** Supplied data **

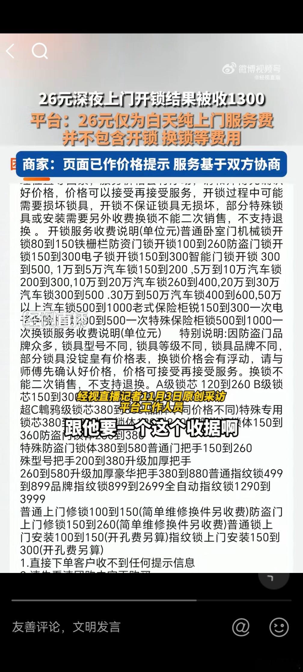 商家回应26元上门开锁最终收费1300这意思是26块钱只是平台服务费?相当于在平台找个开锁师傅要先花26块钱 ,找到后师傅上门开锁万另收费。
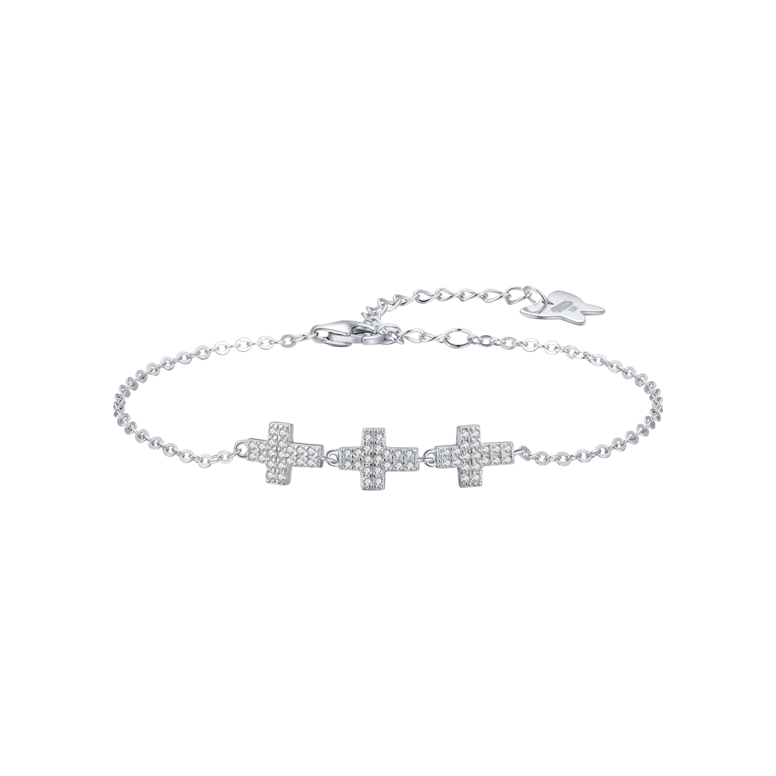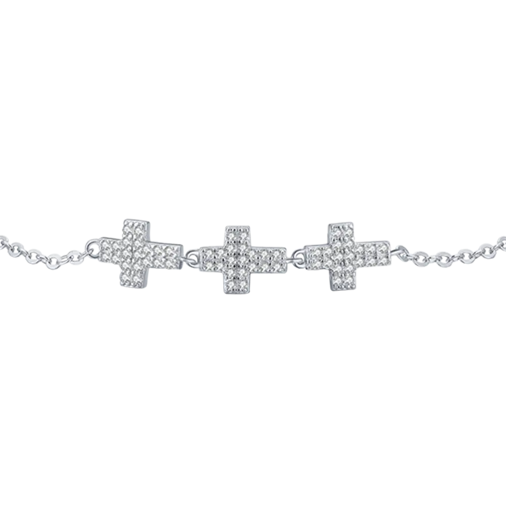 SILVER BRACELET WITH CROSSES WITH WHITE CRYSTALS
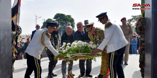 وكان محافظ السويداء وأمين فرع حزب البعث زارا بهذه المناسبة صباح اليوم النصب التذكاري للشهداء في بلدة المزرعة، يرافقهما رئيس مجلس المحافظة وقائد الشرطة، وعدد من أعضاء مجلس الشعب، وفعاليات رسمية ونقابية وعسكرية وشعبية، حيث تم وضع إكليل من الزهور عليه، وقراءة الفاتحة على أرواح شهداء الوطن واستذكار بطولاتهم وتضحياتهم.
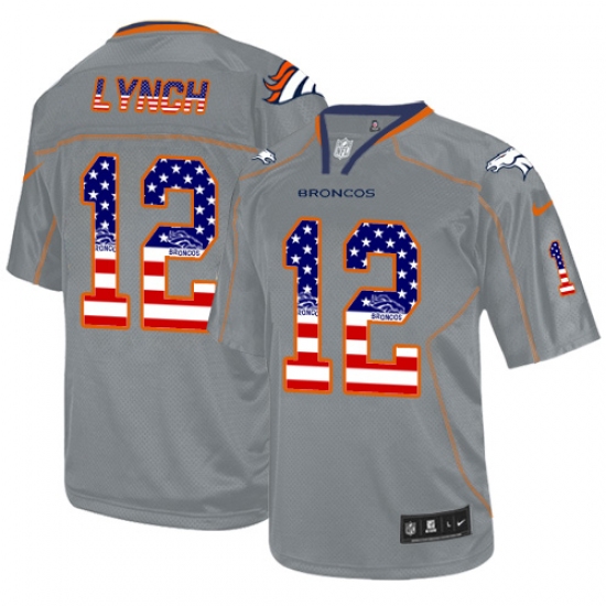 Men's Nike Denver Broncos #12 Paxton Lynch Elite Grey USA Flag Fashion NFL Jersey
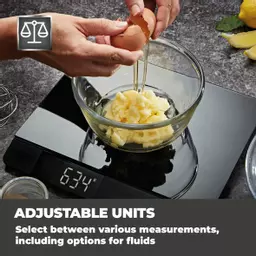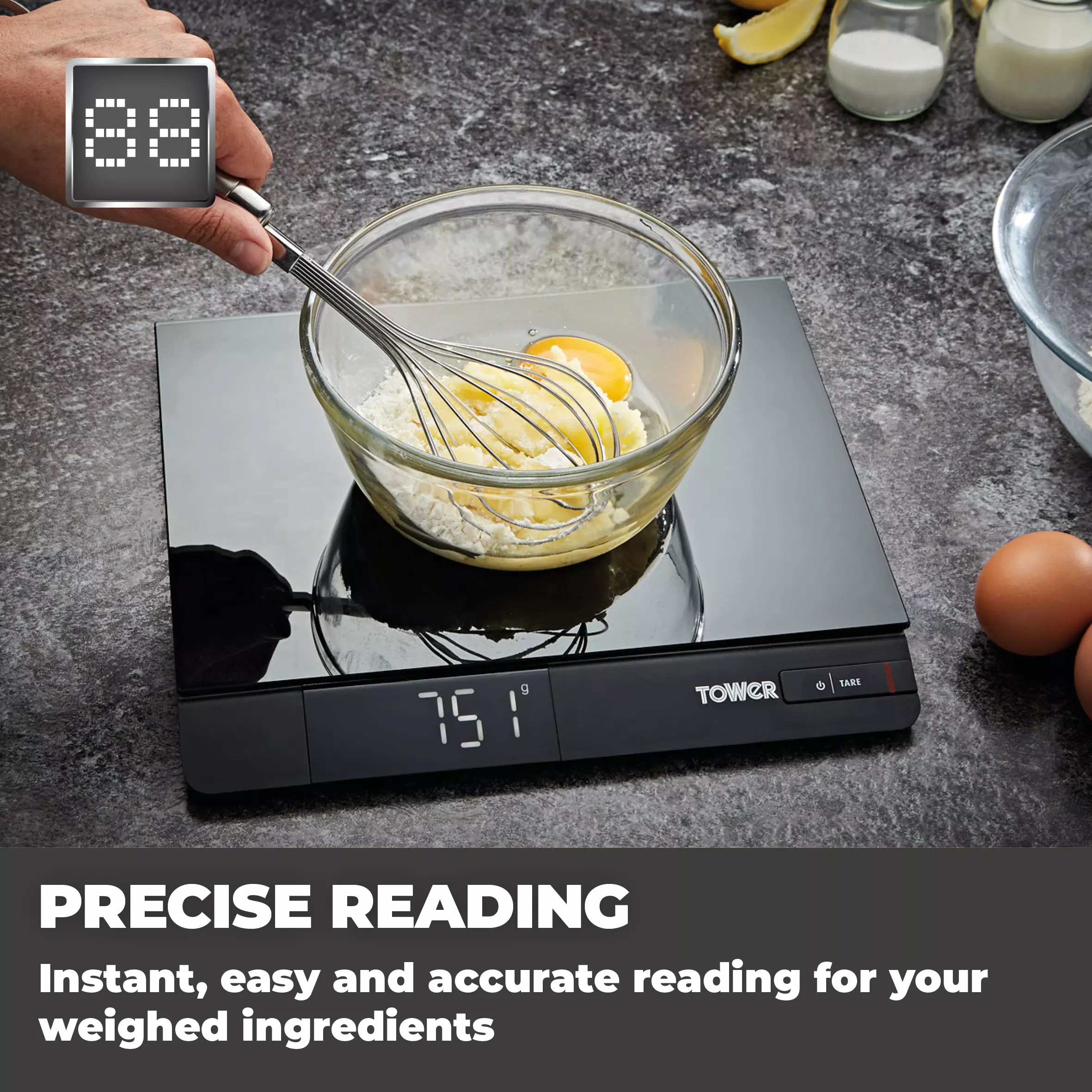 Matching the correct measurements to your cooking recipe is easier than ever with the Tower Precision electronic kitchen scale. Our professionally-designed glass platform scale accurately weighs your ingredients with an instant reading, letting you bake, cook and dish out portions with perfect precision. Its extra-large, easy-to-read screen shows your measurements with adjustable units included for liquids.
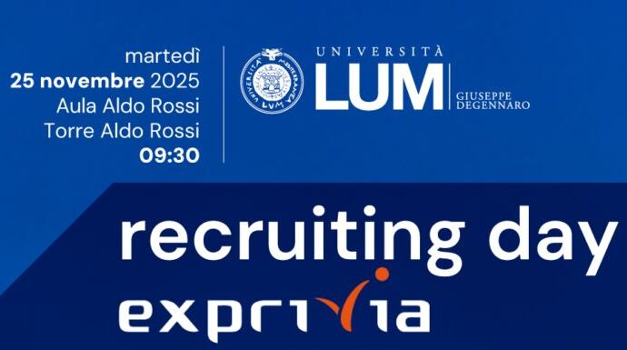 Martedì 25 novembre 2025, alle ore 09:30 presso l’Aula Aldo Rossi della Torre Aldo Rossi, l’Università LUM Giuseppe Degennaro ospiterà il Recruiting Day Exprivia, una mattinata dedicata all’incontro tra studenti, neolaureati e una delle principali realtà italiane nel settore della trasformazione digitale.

...

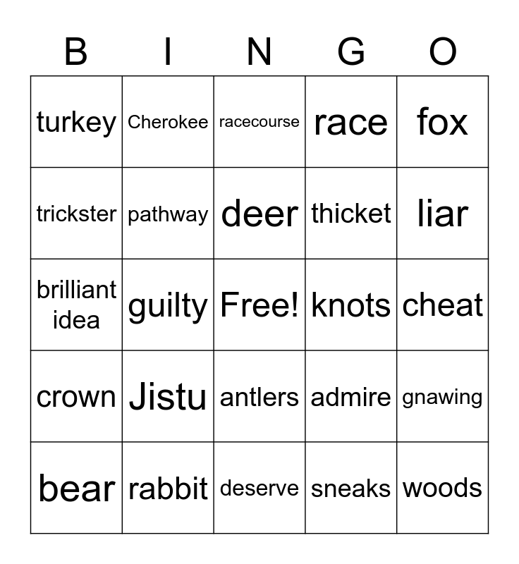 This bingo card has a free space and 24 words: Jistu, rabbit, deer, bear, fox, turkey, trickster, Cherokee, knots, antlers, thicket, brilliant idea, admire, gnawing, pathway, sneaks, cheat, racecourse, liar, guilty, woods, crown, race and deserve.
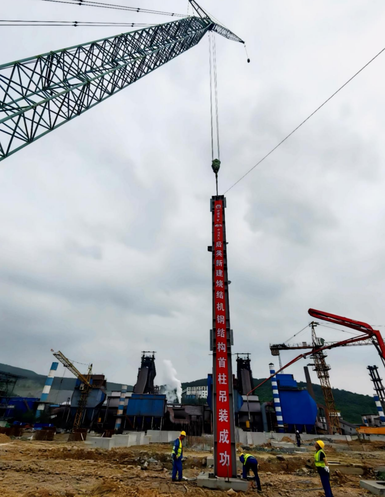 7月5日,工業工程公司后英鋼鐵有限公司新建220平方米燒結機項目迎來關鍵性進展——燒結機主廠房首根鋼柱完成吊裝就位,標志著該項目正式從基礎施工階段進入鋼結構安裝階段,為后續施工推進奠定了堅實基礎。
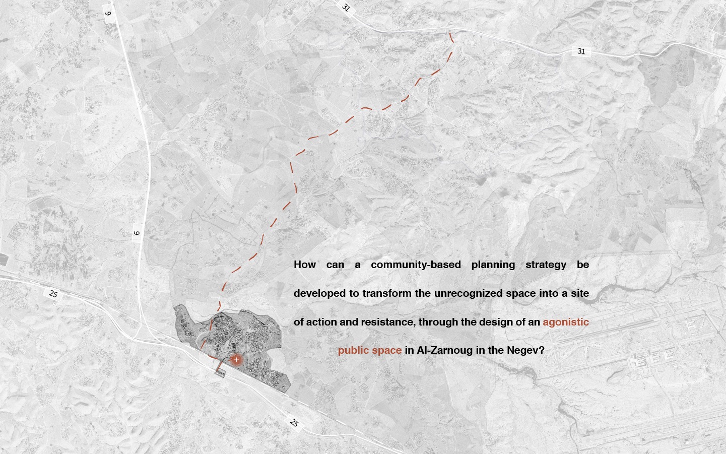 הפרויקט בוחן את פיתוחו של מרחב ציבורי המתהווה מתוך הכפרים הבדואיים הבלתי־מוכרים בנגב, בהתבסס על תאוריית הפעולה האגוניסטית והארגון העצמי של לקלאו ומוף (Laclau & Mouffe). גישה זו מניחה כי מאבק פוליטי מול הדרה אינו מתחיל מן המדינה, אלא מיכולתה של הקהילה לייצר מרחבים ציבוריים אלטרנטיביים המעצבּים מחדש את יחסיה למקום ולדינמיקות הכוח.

** To do **
Output exactly the lines above, from the line with "商家回应26元上门开锁最终收" to the line with "Men's Nike Denver", both included; skip the pictures.

** Expected answer **
 商家回应26元上门开锁最终收费1300这意思是26块钱只是平台服务费?相当于在平台找个开锁师傅要先花26块钱 ,找到后师傅上门开锁万另收费。
 SILVER BRACELET WITH CROSSES WITH WHITE CRYSTALS
 وكان محافظ السويداء وأمين فرع حزب البعث زارا بهذه المناسبة صباح اليوم النصب التذكاري للشهداء في بلدة المزرعة، يرافقهما رئيس مجلس المحافظة وقائد الشرطة، وعدد من أعضاء مجلس الشعب، وفعاليات رسمية ونقابية وعسكرية وشعبية، حيث تم وضع إكليل من الزهور عليه، وقراءة الفاتحة على أرواح شهداء الوطن واستذكار بطولاتهم وتضحياتهم.
 Men's Nike Denver Broncos #12 Paxton Lynch Elite Grey USA Flag Fashion NFL Jersey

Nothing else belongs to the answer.